* **Supplied records**:
§

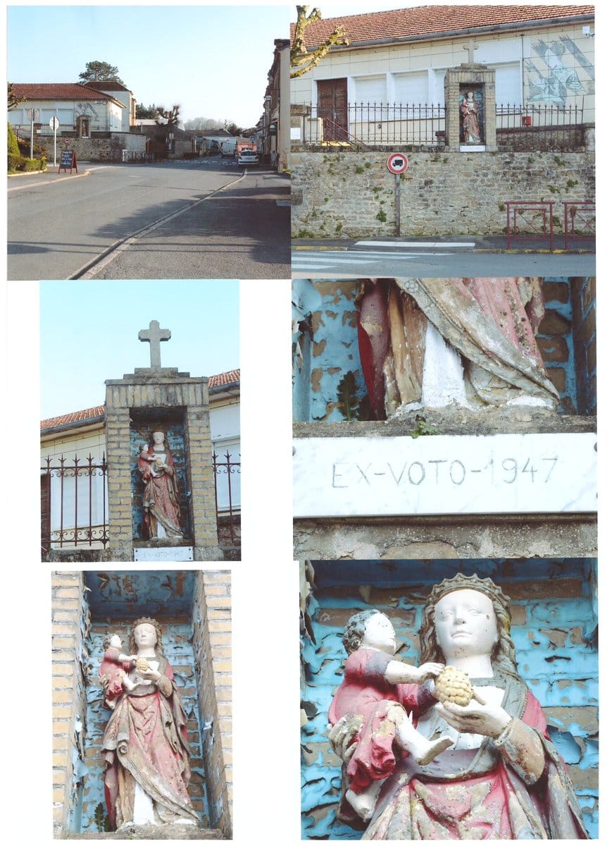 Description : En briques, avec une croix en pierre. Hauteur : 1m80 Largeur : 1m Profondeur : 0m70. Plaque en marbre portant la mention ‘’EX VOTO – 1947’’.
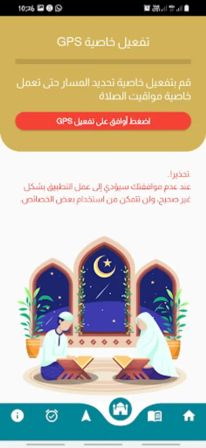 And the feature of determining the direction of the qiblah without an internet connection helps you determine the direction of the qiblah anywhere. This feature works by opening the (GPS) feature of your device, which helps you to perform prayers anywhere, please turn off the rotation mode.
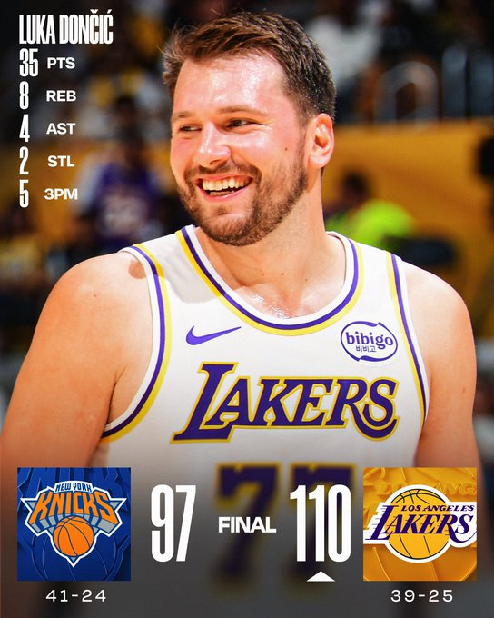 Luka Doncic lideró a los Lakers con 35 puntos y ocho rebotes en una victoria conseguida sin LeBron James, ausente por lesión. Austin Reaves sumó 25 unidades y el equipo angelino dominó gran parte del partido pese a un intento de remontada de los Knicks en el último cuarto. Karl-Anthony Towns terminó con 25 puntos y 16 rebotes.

§

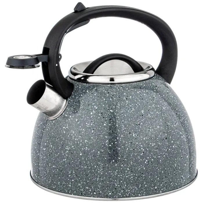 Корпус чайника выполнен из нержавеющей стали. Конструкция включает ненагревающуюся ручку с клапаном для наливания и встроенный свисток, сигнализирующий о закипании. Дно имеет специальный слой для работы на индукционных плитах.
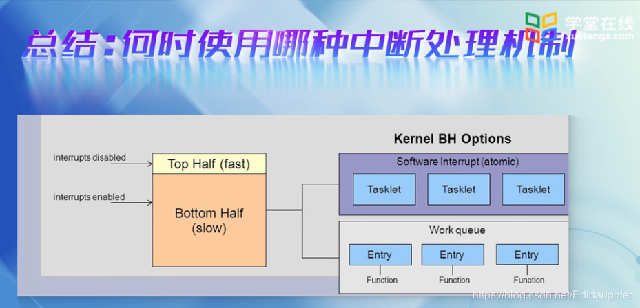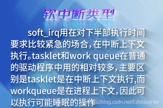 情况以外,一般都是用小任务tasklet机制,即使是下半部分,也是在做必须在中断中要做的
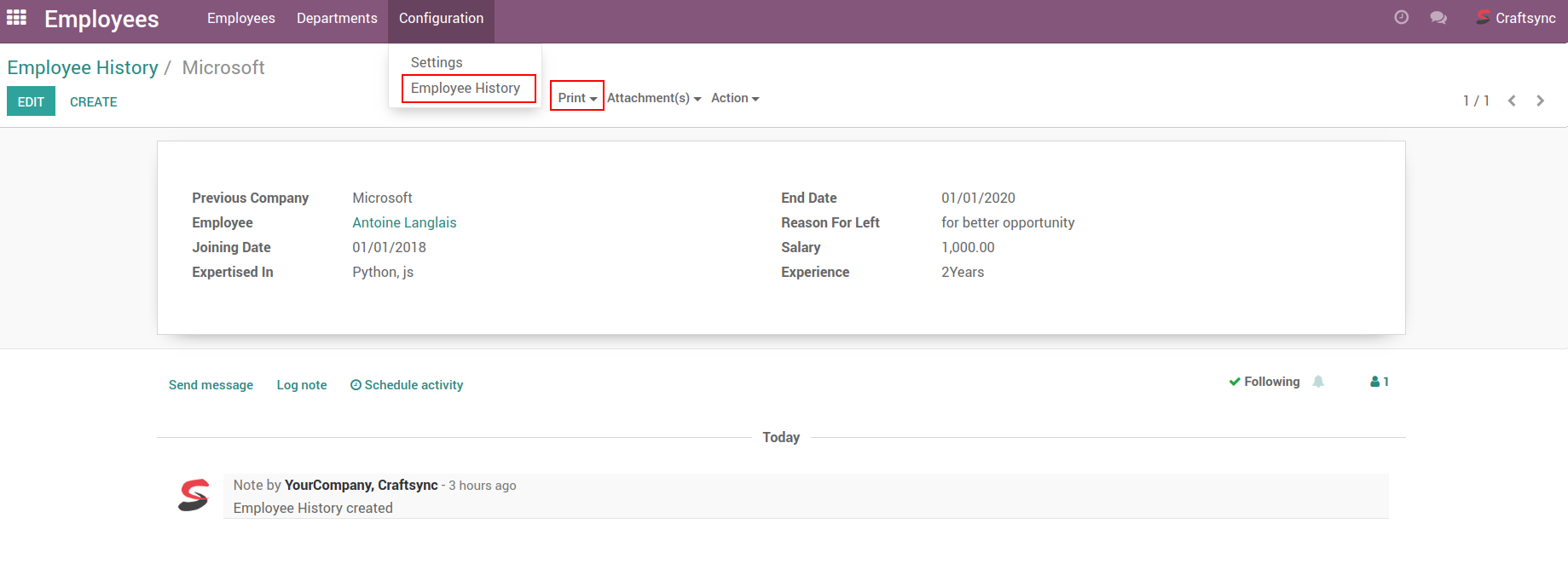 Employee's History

§

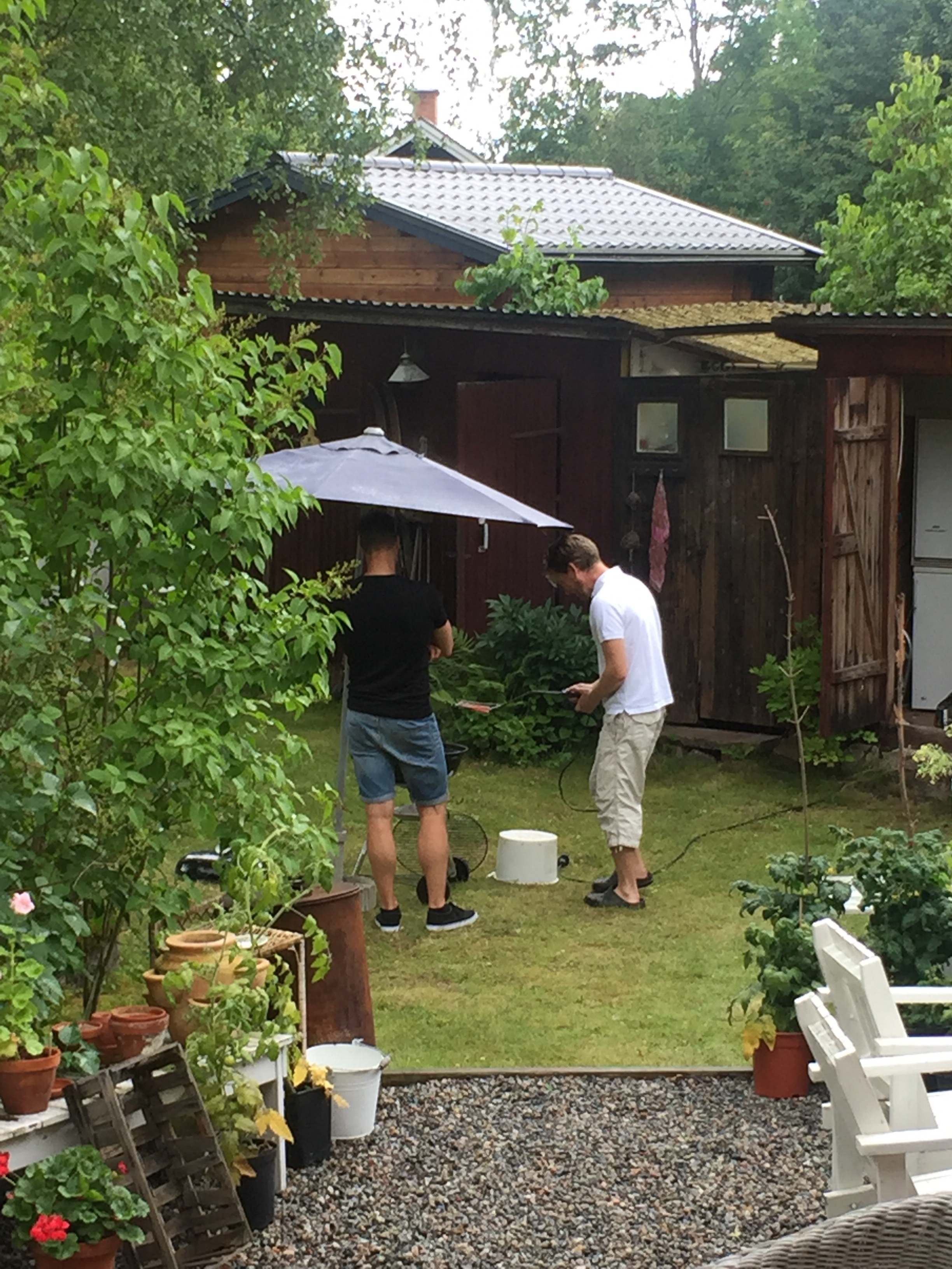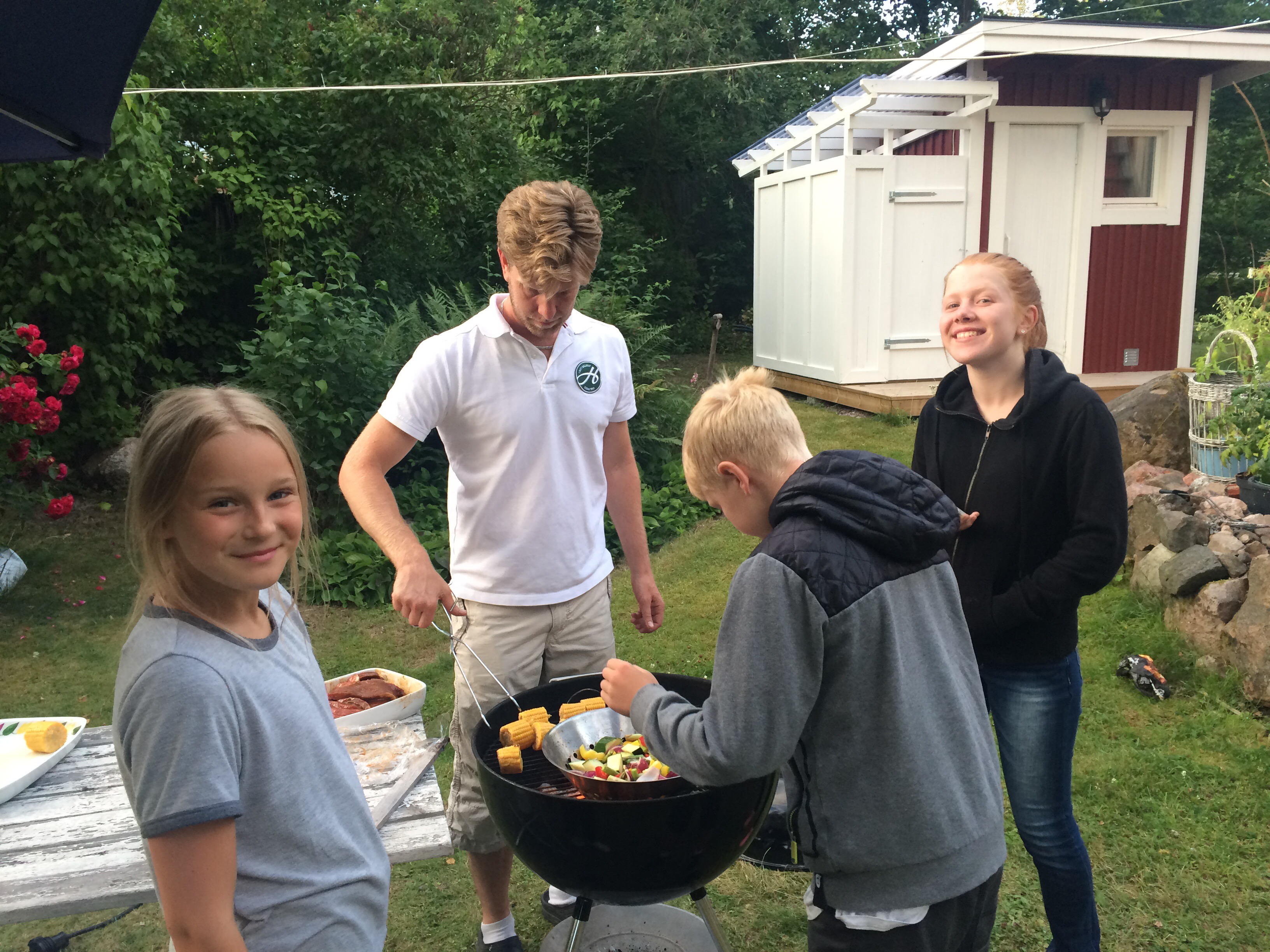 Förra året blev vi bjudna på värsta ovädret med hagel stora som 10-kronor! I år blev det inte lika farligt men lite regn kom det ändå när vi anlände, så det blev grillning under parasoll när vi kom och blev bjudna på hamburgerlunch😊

§

* **Assigned task**:
Whatever pictures the records hold, omit them; give again exactly the lines from the one containing "Description : En" through the one containing "Luka Doncic lideró".

* **Final answer**:
 Description : En briques, avec une croix en pierre. Hauteur : 1m80 Largeur : 1m Profondeur : 0m70. Plaque en marbre portant la mention ‘’EX VOTO – 1947’’.
 And the feature of determining the direction of the qiblah without an internet connection helps you determine the direction of the qiblah anywhere. This feature works by opening the (GPS) feature of your device, which helps you to perform prayers anywhere, please turn off the rotation mode.
 Luka Doncic lideró a los Lakers con 35 puntos y ocho rebotes en una victoria conseguida sin LeBron James, ausente por lesión. Austin Reaves sumó 25 unidades y el equipo angelino dominó gran parte del partido pese a un intento de remontada de los Knicks en el último cuarto. Karl-Anthony Towns terminó con 25 puntos y 16 rebotes.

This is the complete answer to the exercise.